By Joe Julicher, Microchip Technology Inc.

Often, goods are damaged in transit due to mechanical shock or vibration. Unfortunately, the damage is not always visible upon delivery, resulting in disputes between the shipper and its customers that sometimes lead to legal action. With the advent of tiny accelerometers and microcontrollers it is now possible to devise tiny sensors that can be placed in a shipment to detect and measure the presence of damaging vibrations.
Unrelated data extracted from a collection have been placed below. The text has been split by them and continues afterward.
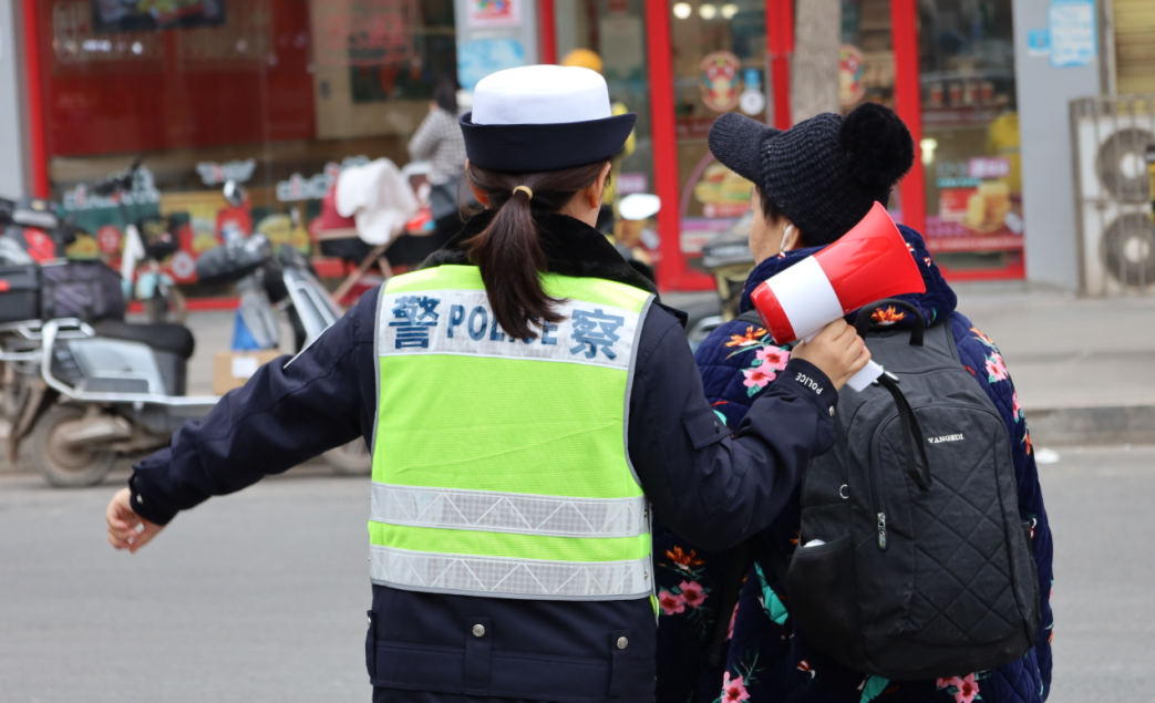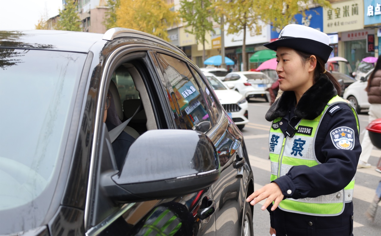 交警小姐姐面带微笑,温柔地劝导路人的不文明、不安全交通行为,告诫大家遵守交通规则。大家纷纷表示,以后一定遵守交通规则,文明出行。
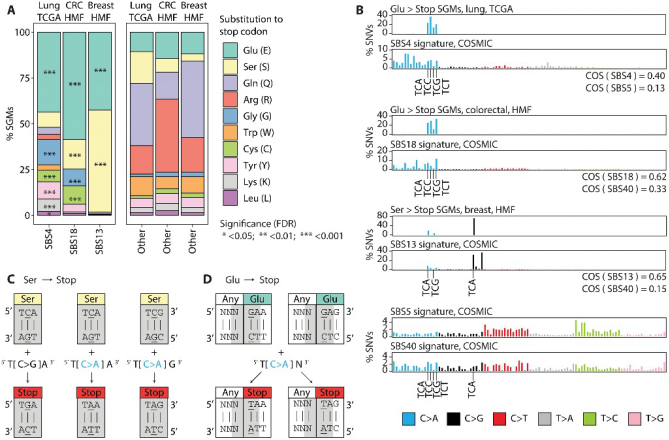 为了探索SGM在三大突变过程中富集的遗传机制,研究团队研究了最常被终止密码子取代的氨基酸类型,重点关注肺癌、乳腺癌和结直肠癌中的吸烟、APOBEC和ROS特征,发现几种突变类型的氨基酸经常被终止密码子取代。
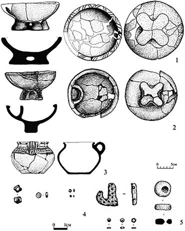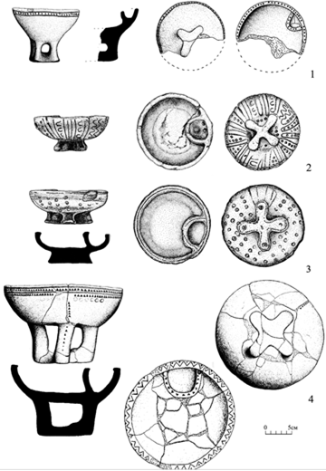 Курильницы по своему облику соответствуют традициям, известным для ритуальных чаш СувКК. В погребении 4, находившемся в центральной части кургана и имевшем катакомбную конструкцию с дромосом и каменным закладом, ритуальная чаша располагалась у черепа ребенка (кости ребенка очень плохой сохранности) [6, с. 39, рис. 110] (рис. 3: 1). Курильница представляет собой чашу на полом крестовидном поддоне, с отделением. Венчик не выделен. Внешняя поверхность черно-коричневая, с пятнами [6, с. 39, рис. 113] (табл. 1; рис. 4: 1). Кроме того, в погребении были найдены стеклянные (пастовые?) подвески с напаянными шариками и четырехрожковый бисер, шесть астрагалов и зубы мелкого рогатого скота [6, с. 39, рис. 117] (рис. 5: 1).
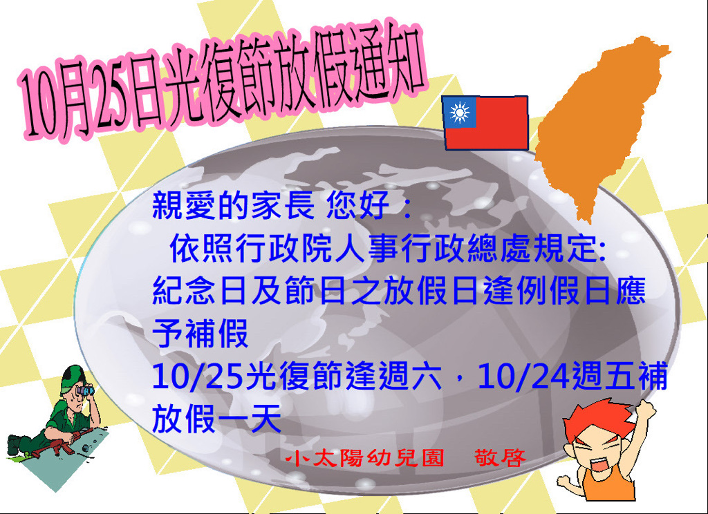 相簿名稱: 光復節放假通知
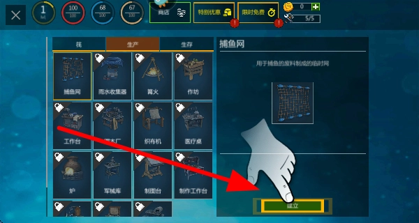 1. 在制作界面中,挑选如捕鱼网之类的物品,点击“建立”按钮,制作出相应工具,以此为海上生存及获取资源做好准备。
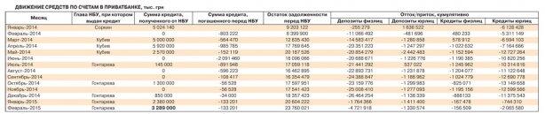 Примечательно, что с учетом всех оттоков, притоков и погашений и по состоянию на начало 2015 г. дисбаланс в 5 млрд грн между выданными средствами НБУ и направленными "Приватом" на погашение депозитов клиентовсохранялся.
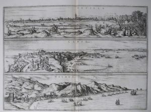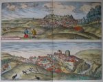 2 gravures sur cuivre, TC 34 x 47 cm, 32,5 x 41,5 cm + marges, 1 rehaussée à l'aquarelle (pli central, taches). (1). Planche avec 3 vues superposées de Séville, Cadix et Malaga par Joris Hoefnagel. Troisième état extrait de l'atlas des villes espagnoles publié par Johannes Janssonius en 1657 sous le titre "Theatrum in quo visuntur illustriores Hispaniae urbes [...]"; # van der Krogt IV[3973] et [42:16].-- (2). Planche avec 2 vues superposées de Lebrija et Setenil. Premier état extrait de l'édition française du "Civitates orbis terrarum" par Georg Braun et Frans Hogenberg publiée de 1583 à 1645; # van der Krogt IV[2237] et [3958].
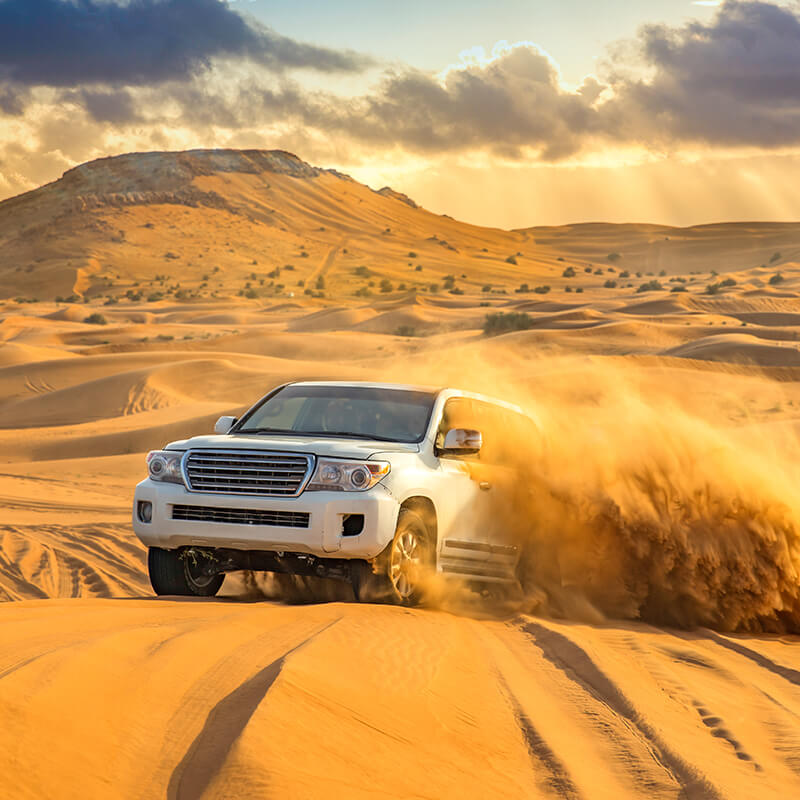 Desayuno. Mañana libre. Sobre las 15.00 Hrs, seremos recogidos en el lobby del hotel en una moderna camioneta 4×4 (en regular – 6 personas por camioneta), para iniciar un emocionante Desert Safari, deteniéndonos en el desierto para tomar fotografías y observar la espectacular puesta de Sol. A continuación, llegamos a un tradicional campamento árabe, donde tendremos la oportunidad de disfrutar de actividades, como montar a camello, pintura en henna, fumar la aromática shisha (pipa de agua), shows en vivo como la danza del vientre y degustaremos la deliciosa cena de barbacoa con especialidades a la parrilla. Regreso a Dubái. Alojamiento. Excursión con conductores de habla inglesa.

Detecting the Vibration The key feature of a vibration sensor is the actual process of detecting a vibration event. This can be done with a minimum of external analog components by taking advantage of an analog comparator that is a standard feature of leading microcontrollers. The advantage of a comparator is that the microcontroller does not need to be awake while the unit is waiting for the event to occur. If an analog-to-digital converter were used, the microcontroller would have the task of repeatedly measuring the vibration and determining whether a vibration event was occurring.

The most common accelerometers produce a voltage proportional to the G-forces applied to the sensor. The accelerometer signal is generally a DC voltage with a 0 G voltage of Vdd/2. Unfortunately, the 0 G voltage typically drifts with age and temperature. If the drift gets too large, the voltage could trip the comparator and cause a fault vibration trigger. The solution is a combination of a low-pass and a high-pass filter to focus on the desired vibration signals (see Figure 1).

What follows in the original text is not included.